The information below comes from the statement of deficiencies compiled by health inspectors and provided to AHCJ by the Centers for Medicare and Medicaid Services. It does not include the steps the hospital plans to take to fix the problem, known as a plan of correction. For that information, you should contact the hospital, your state health department or CMS. Accessing the document may require you to file a Freedom of Information Request. Information on doing so is available here.

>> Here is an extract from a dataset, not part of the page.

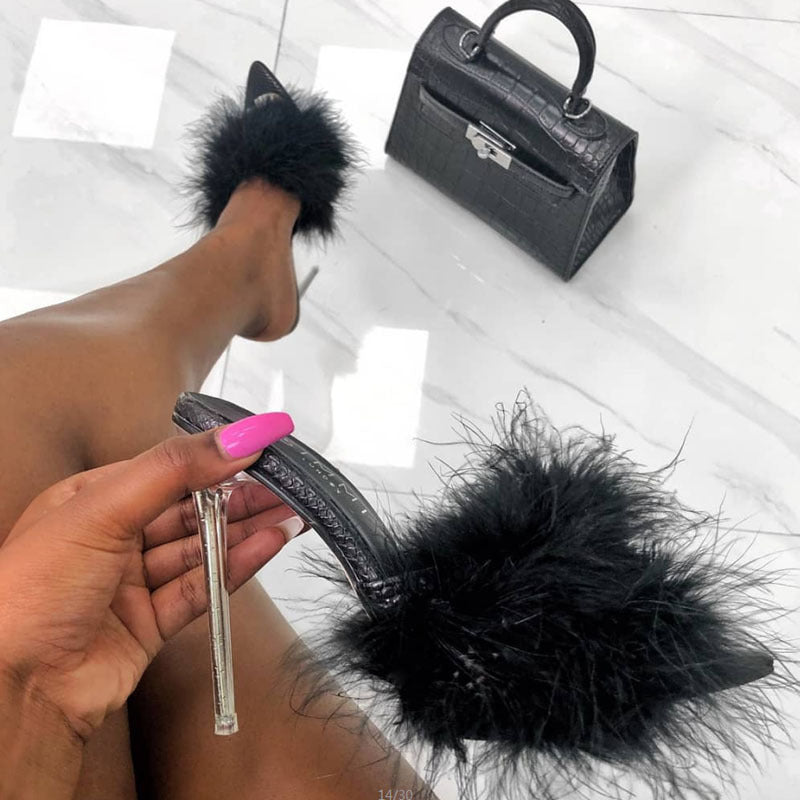 Experience the elegant style with our transparent crystal high heels, featuring soft fan fur. Perfect for special occasions or a glamorous evening. These shoes not only offer a striking look but also high comfort. Available in classic black, which pairs perfectly with any outfit. Choose your size now and add that extra touch to your attire! Size Information:

Based on observations, interviews and document review, the facility staff failed to ensure six of six (6) personnel adhered to the facility's infection prevention and control guidelines (Staff Members #7, #8, #9, #10, #11, and #12).

The findings include:

On 9/23/2020 during a tour of the facility, the following observations were made:

At approximately 9:30 A.M. in the patient/visitor waiting area of the Emergency Department (ED), Staff Member #9 was observed cleaning three (3) newly vacated chairs. Staff Member #9 used two large size (6 x 6.75 inches per the container) Sani-Cloth Germicidal Disposable wipes to clean/disinfect all three (3) chairs. The wipe container included the following information: Disinfects in 2 Minutes, To Disinfect and Deodorize: ...Allow treated surface to remain wet for a full two (2) minutes (120 seconds). Let air dry.
The three (3) chairs remained wet for approximately 75 seconds. Staff Members #4 and #5 agreed the chairs were not kept wet for the appropriate amount of time to disinfect the chairs.

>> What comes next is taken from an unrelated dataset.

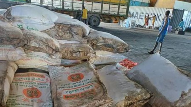 Substandard flour dumped at Mogadishu port, Somalia on May 15, 2024. PHOTO | NMG

The container states the wipes are effective against: Bacteria..., Multi-Drug Resistant Bacteria..., Viruses: Adenovirus Type 5, Herpes Simplex Virus Type 2, Human Coronavirus Strain 229E, Influenza A/Hong Kong, Influenza A (H1N1) virus, Respiratory Syncytial Virus (RSV), Rhinovirus, Rotavirus Strain WA, Vaccinia virus, Kills Pandemic 2009 H1N1 Influenza A virus. The container did not list COVID-19: coronavirus [DIAGNOSES REDACTED]-CoV-2 as one of the organisms it is affective against. A copy of the directions on the Sani-Cloth Germicidal Disposable container was provided by Staff Member #3, the Infection Control Preventionist.

At approximately 10:00 A.M. the ED department was observed. Staff Member #8, a Physician's Assistant, was observed touching their mask repeatedly without performing hand hygiene. Staff Member #8 then walked into Room #1 which was occupied by a patient.

At approximately 10:05 A.M. while in the ED, Staff Member #7 (a physician) was observed leaving Room #1 without performing hand hygiene and went directly to the computer and began entering information.

At approximately 10:15 A.M. the Cardiac Cath Lab was entered for observations. Staff Member #10 (Manager of Cardiology) left their office while placing their mask on to introduce themselves. Staff Member #10 spoke with the surveyors for approximately two (2) to three (3) minutes while repeatedly touching their cloth mask without performing hand hygiene.

At approximately 10:50 A.M. Staff Members #11 (Transporter) and #12 (Environmental Services) were observed on the Ortho Joint Surgical Unit. Staff Member #11 and #12 were observed wearing only a cloth mask. Staff Member #11 was transporting a patient on a stretcher and would touch their mask and then the stretcher without performing hand hygiene.

During the entrance procedure, on 9/23/2020 at approximately 9:20 A.M., Staff Member #3 stated, "The staff are to wear a surgical mask in any patient care area except where there is aerosol generating procedures occurring. Staff are then required to wear N-95 mask. If a staff member has been in a aerosol generating procedure, they must wear the N-95 mask for one (1) hour post procedure.
If a staff member chooses to wear a cloth mask, they are required to wear a surgical mask over the cloth mask."

Staff Member #1 also stated in entrance, "N-95 mask have always been available to our staff due to such issues as caring for a patient with or suspected of having TB or on airborne isolation. N-95 mask are obtained from the staff's manager. Every staff member is fit tested on hire and repeated annually. A sticker with the mask they need is placed on their ID badge.

If a staff member is not participating in a non-aerosol generating procedure and caring for a patient suspected of or positive for Covid-19, they should wear a surgical mask, gown and gloves."

Staff Member #1 provided the following documents:
Procedure IP&C Hand and Fingernail Hygiene #204, which documented the following:
Required Actions: #2 Examples of important hand hygiene opportunities
Supplemental Guidance: Upon exit of any patient room, regardless of isolation status.

Job Aid: Sequence for Safely Donning and Doffing Personal Protective Equipment (PPE); Manual: Infection Prevention & Control Original Date 5/28/2020.
Doffing PPE:
Mask or Respirator:
Front of mask is contaminated - DO NOT TOUCH!
If your hand get contaminated during mask or respirator removal, immediately wash your hands or use an alcohol based hand sanitizer.